Anjali Sud gets a promotion; Joey Levin goes back to running IAC full time.

Vimeo
Peter Kafka
Peter Kafka covered media and technology, and their intersection, at Vox. Many of his stories can be found in his Kafka on Media newsletter, and he also hosts the Recode Media podcast.

Vimeo has a new boss, after going more than a year without a full-time leader.

Parent company IAC has promoted Anjali Sud, who has been the video company’s general manager, to the CEO spot. She replaces Joey Levin, who had been running Vimeo as an interim manager since June 2016, while also serving as IAC’s CEO.

Sud, who has previously worked at Amazon and Time Warner, has been at Vimeo since 2014.

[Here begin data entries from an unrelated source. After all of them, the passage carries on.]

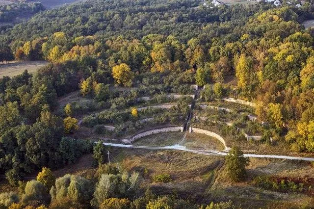 Тераси збудував поміщик Павло Харитоненко у 19 столітті. Мріяв вирощувати біля своєї садиби примхливі екзотичні сорти плодових рослин і шукав, як би то зреалізувати в умовах українського клімату. Вихід знайшли: на схилі балки побудували 6 терас, розташованих дугою і повернутих до сонця упродовж всього дня. Захищені яровим ландшафтом з одного боку і мальовничим берегом ставу з іншого і підкріплені дренажною системою, тераси отримали унікальний мікроклімат, де можна було вирощувати тропічні фрукти. До того ж форма і місце розташування терас створили унікальну акустику: там найтихіші звуки можна почути на відстані 60 метрів. Шелест листя, спів птахів перетворюються на мелодію. А у вітряну погоду тут чути незвичайний переливчастий звук.
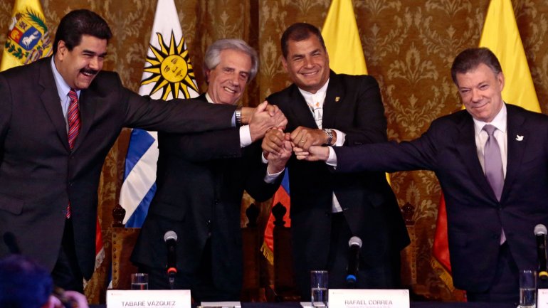 Internacionales | "Triunfó la sensatez", señaló Nicolás Maduro, tras la cumbre en la que ambos países determinaron el "retorno inmediato de los respectivos embajadores". Juan Manuel Santos calificó el diálogo de "respetuoso y productivo". Colombia y Venezuela acordaron el lunes restablecer el diálogo diplomático y la "normalización progresiva" de la frontera común, tras los cierres dispuestos por Caracas que hace un mes desataron una severa crisis bilateral, al término de un encuentro en Quito de los presidentes Nicolás Maduro y Juan Manuel Santos.
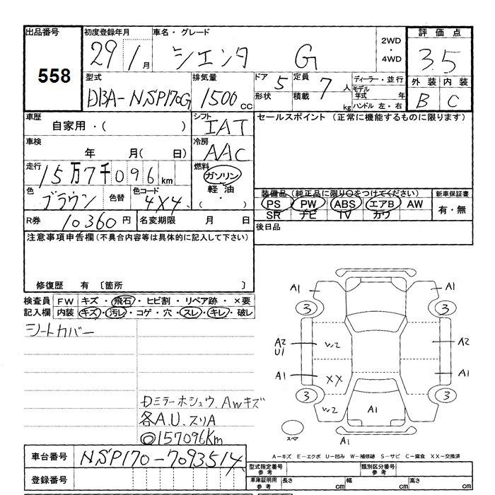 TOYOTA SIENTA 2017 г., лот № 558
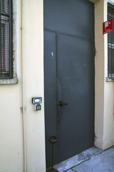 建物の中に進み、右手奥に進んでゆくとある扉。ここでもう一度インターフォンを押します。
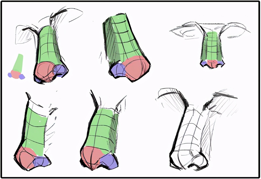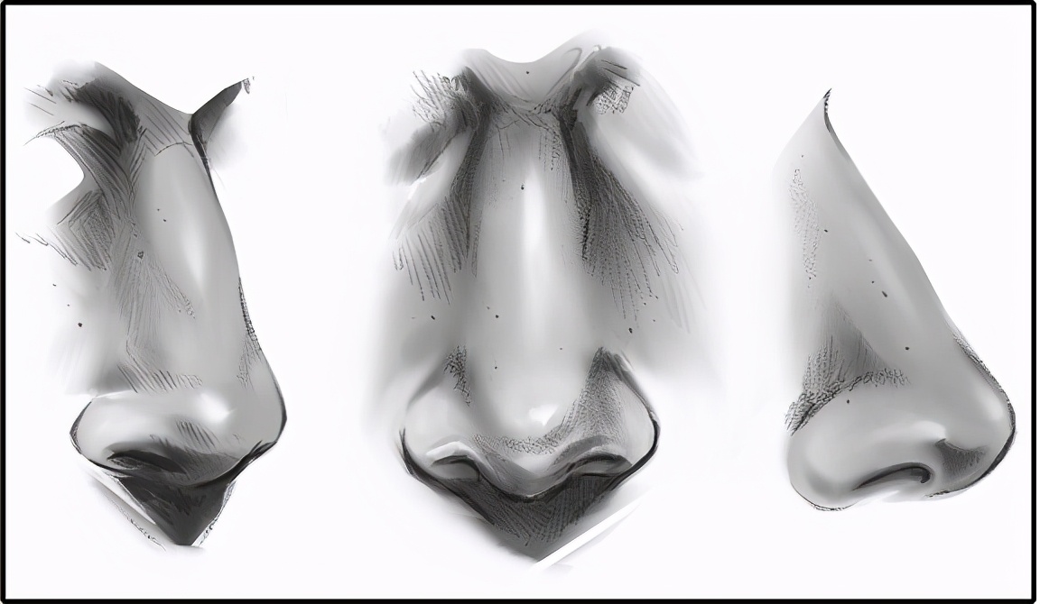 在下笔用各种画风或形状绘制鼻子之前,最好先理解它的基本构造。
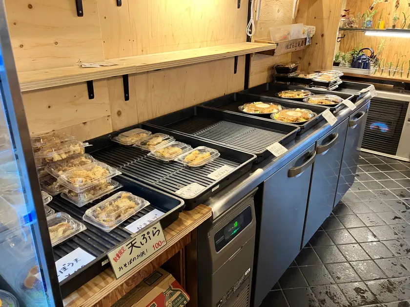 注文を受けてすぐ提供の立ち食い蕎麦もオススメ。立ち食いスペースには5脚ほどの椅子もあり、これはかなり嬉しい。空腹具合に合わせて、お弁当やお総菜などをプラスして楽しめるのもイイですね。
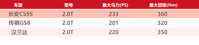 CS95用的蓝鲸2.0TGDI直喷增压发动机,据长安介绍是目前首款自主研发的2.0T发动机,核心技术获多项专利,最大马力233PS(171KW),最大扭矩360Nm,在1500rpm即可爆发最大扭矩的85%达到300Nm,在2000rpm左右可启发发动机超增压功能,瞬态可爆发最大380Nm的扭矩,这样能确保如此大的一台车的中低速段的行驶感受。这个账面数据完胜GS8,同时也达到了全球主流产品的水平,难怪发布会上领导们都自信满满的。配合爱信6AT变速箱和博格华纳的四驱系统,根据媒体们的介绍,整车驾乘质感比以往的国产车要有提升。
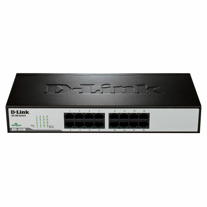 DES-1016D je SOHO neupravljivi preklopnik, metalnog kućišta , namjenjen manjim mrežama i radnim grupama. Šesna est 10/100 Fast Ethernet portova posjeduju svojstvo automatske detekcije UTP kabela, omogućavajući rad uz korištenje straight-through ili crossover kabela. Koristi interno napajanje, hladi se dvama bočno ugrađenim ventilatorima. Montaža može biti zidna ili stolna. Zbog desktop dimenzija koriste se duži metalni nosači pri ugradnji u 19" komunikacijski ormar.
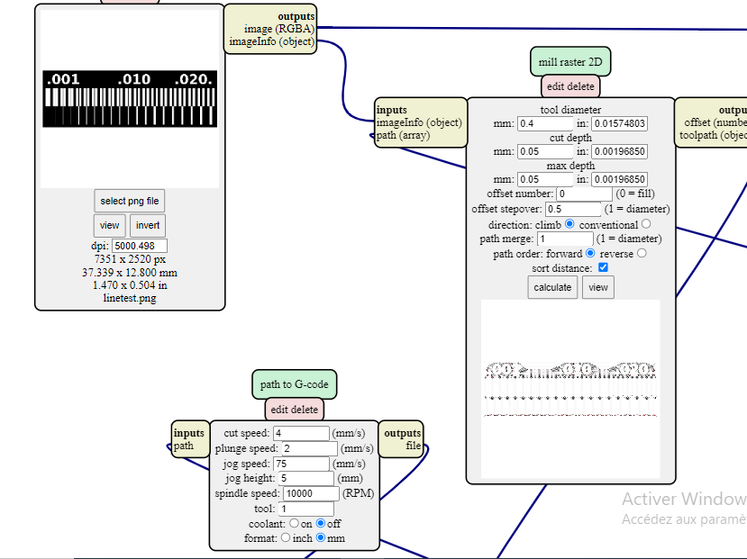 linetest.png to milling the traces with 1/64 (0.4mm)bit;

In a press release, Levin praised Sud’s work building up Vimeo’s core business — selling professional and semi-professional video makers on a paid, upgraded version of its free service. Vimeo charges 800,000 subscribers between $7 and $50 a month.

Left unsaid: The fact that a month ago, Levin pivoted Vimeo out of its plans to launch a consumer subscription service, which was supposed to arrive in 2018, following years of promises to launch.

IAC has yet to explain why it dropped its plans, which Levin had been talking up as recently as its May earnings call.

The best explanation I’ve heard from IAC-adjacent folks: IAC chairman Barry Diller doesn’t really want to spend the money Vimeo would need to spend to create a credible subscription service in an era when everyone is launching a subscription service.

Now it looks like he’s content, or content-ish, keeping the company where it has been.